O’Neill froze as he rounded the promontory. In the falling light he saw a figure stumbling towards him along the shore. He half turned to call Teal’c, but then his movement was arrested by recognition as the small figure at last saw him and pulled up, feet digging into the shingle. O’Neill saw the SG1 jacket hung over a tiny body bearing two huge white eyes as wet as the lapping loch by their feet. Magpie saw a tall man, clad as the other strangers in their forest tones, but face covered by a strange hat so that he seemed all shadow and dark. For the smallest moment they stared at one another and then Teal’c scrambled over the promontory rocks. The small figure gave a near inaudible yelp and, almost tripping over herself, fled into the trees. O’Neill didn’t think, he simply followed, heavy boots pounding the shifting pebbles and then suddenly cushioned by the needles as he ran into the close trees. The movement made more of his vision in that place than his eyes would have done and he moved after it, over trunk, rock and under sweeping branch. He heard Teal’c behind him but kept moving on deeper into the trees even as questions began to form in his mind. Eventually he admitted to himself that he could no longer see anything at all under the trees, let alone any figure to pursue. He cursed, the sound rasping and abrupt in the dampened surroundings. A moment later Teal’c came up on him, alert, questioning. O’Neill held up a single hand and they stood there with only their quickly drawing lungs to create a sense of life in the quiet world.

-

Magpie heard them. The more they crashed, the lighter she moved and now, having halted and thrown herself down on the piny bed, she could hear their uncertain stillness. The moments were a quick chance to think. Raven. Strangers, knives, shadow-hats and staffs and strange weapons, but loch side, wet laughter, gold hair and dark. She fought with herself briefly, then decided, stood abruptly, adding a broad flap of the jacket to her jerky ascent, heard the startled voice, and hastened on.

-

At the sudden reappearance of their quarry in the darkness, O’Neill put away questions once more and followed. But his questions returned with a growing sense of being drawn in, of a quarry that waited for you to be near, but not catching-near. He knew they should halt, but the persistent reappearance of the figure in the dark drew him on.
‘Hey’ he called at one point as they crossed a small clearing and he briefly saw the khaki-clad form in the moonlight.

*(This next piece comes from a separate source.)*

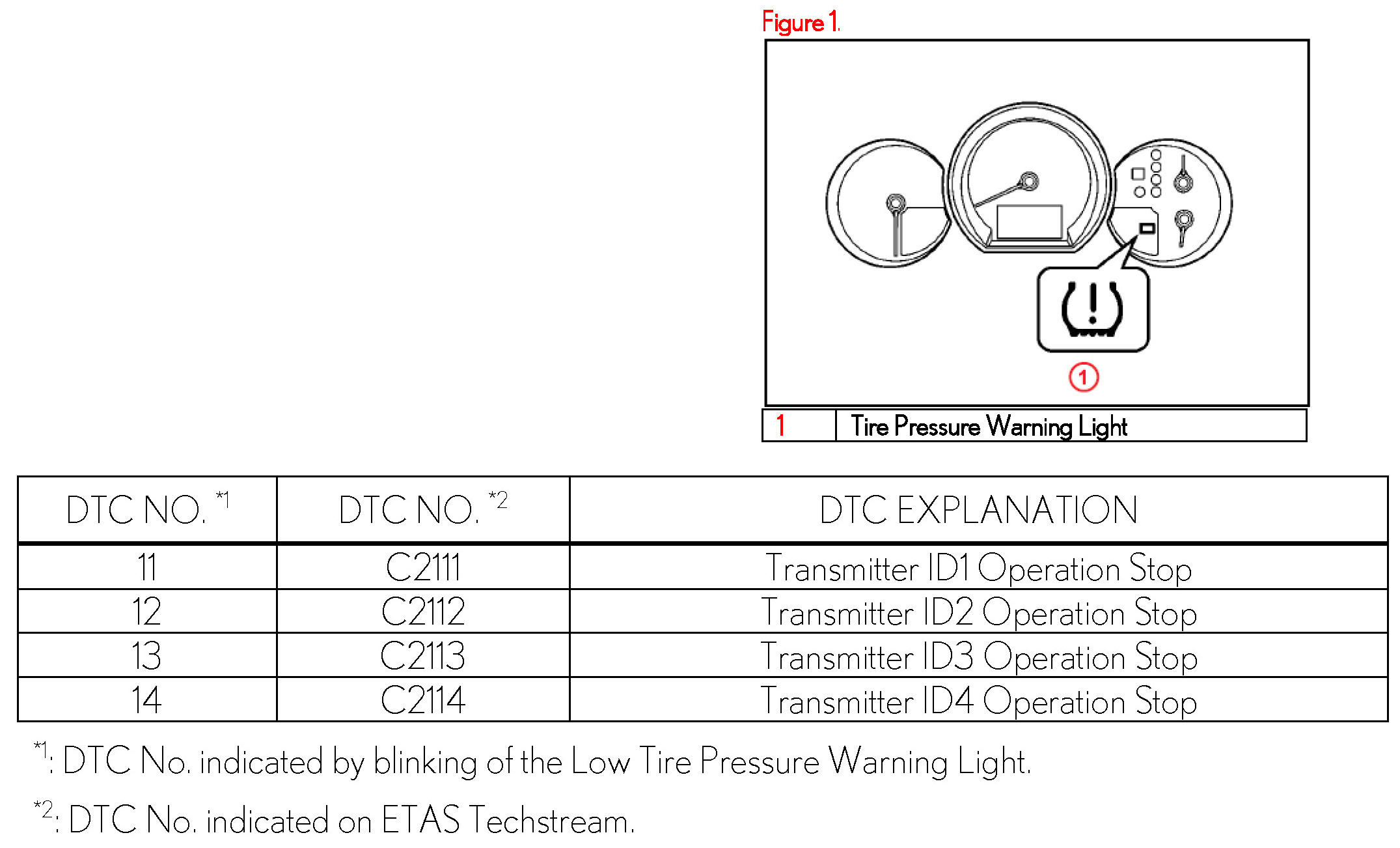 - The Diagnostic Trouble Codes (DTCs) listed may be stored in the TPWS ECU until the tire pressure warning valves/sensors are activated.

‘O’Neill.’ Said Teal’c sometime later, not a question, more a reminder of reality, perhaps simply of the strong reality of his presence.

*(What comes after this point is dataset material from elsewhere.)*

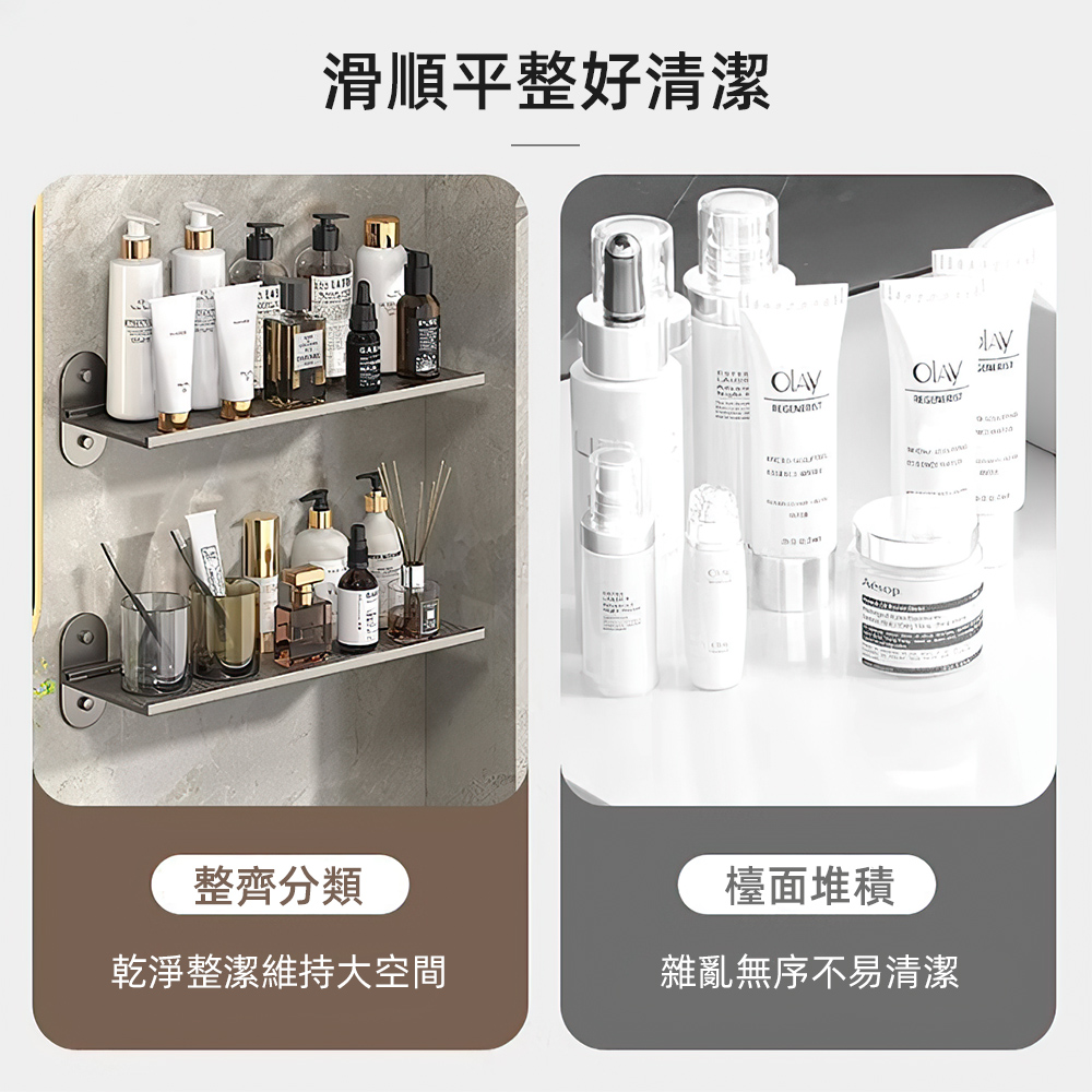 這款鏡前收納架安裝在視線平行區,動線順手、取用直覺,瓶瓶罐罐分類整齊排開,不再佔據檯面空間。免打孔設計適合租屋族,鋁合金材質簡約有型,讓浴室保持整潔又有質感。

‘Yeah, I know’ He replied quietly but he didn’t stop. After a bit the ground began to slope more consistently and then, quiet suddenly, they came upon a burn, cutting a channel among the trees. The water gave off strange quivers of light, and the sound it made as it navigated the rocks finally brought O’Neill to a stand. He watched it and then, without knowing why, looked upstream.

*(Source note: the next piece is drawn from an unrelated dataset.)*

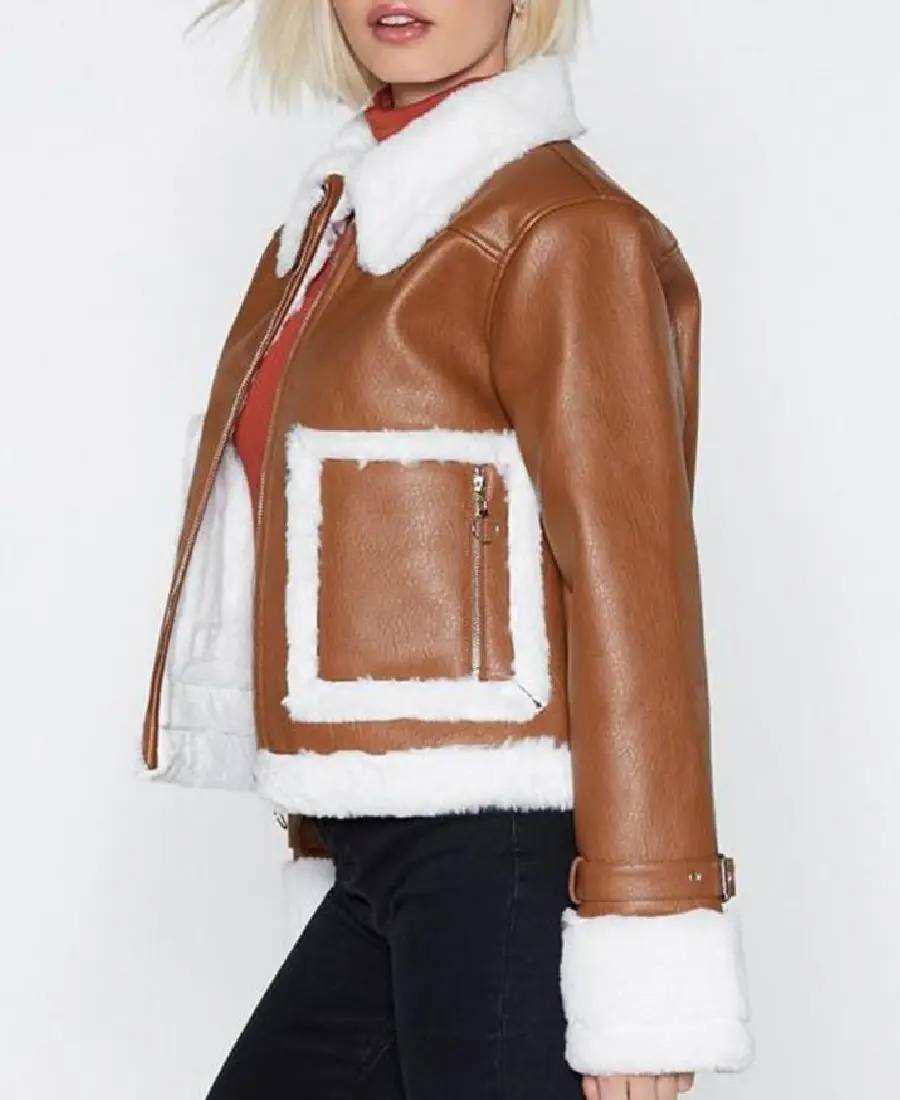 The Brown Cropped Aviator Leather Jacket is a cozy and stylish piece inspired by classic flight jackets. Made from genuine sheepskin leather, it has a soft yet durable feel that offers warmth and lasting quality. The fur collar and matching fur cuffs add extra insulation while giving the jacket a rich and inviting look. It features a front zipper closure that provides a secure fit and makes it easy to wear. The full length sleeves and cropped cut create a flattering shape that sits neatly at the waist. Two side pockets offer convenient space to keep your hands warm or carry small essentials. The fur lining inside adds a plush layer against the skin, making it ideal for colder days. Its warm brown tone and aviator design make it a dependable outerwear choice that pairs well with jeans or boots for a confident cold weather look.

She was standing, caught in the moonlight, quiet still, watching. He took off his cap, running his wrist across his brow as he did so, and stared back. She tipped her head slightly to one side, plucked at the jacket, but held his gaze. He started to climb up towards her. He heard a clamour of bird call, looked up, but saw nothing overhead. She had not moved and he pulled himself up the rocky burnside, every now and then looking down from her, to place his feet or hands. At the top a hand stretched out to pull him over the last boulder, and unthinking he grasped it, being hauled up into the stare of two set eyes. He blinked and the blade was at his throat. There were figures all around, his quarry indistinguishable in their ranks. His eyes thought to turn, but his assailant read their path and with a shake of the head, said no, a single finger rising to the thin lips. He felt hands on him. They pulled away his rifle that he had shouldered on his climb. Small fingers found his sidearm, knife, and explored his pack, all near silently, and without breaking the locking gaze of the eyes that held a blade at his throat. Then they blindfolded him and he felt the knife withdraw.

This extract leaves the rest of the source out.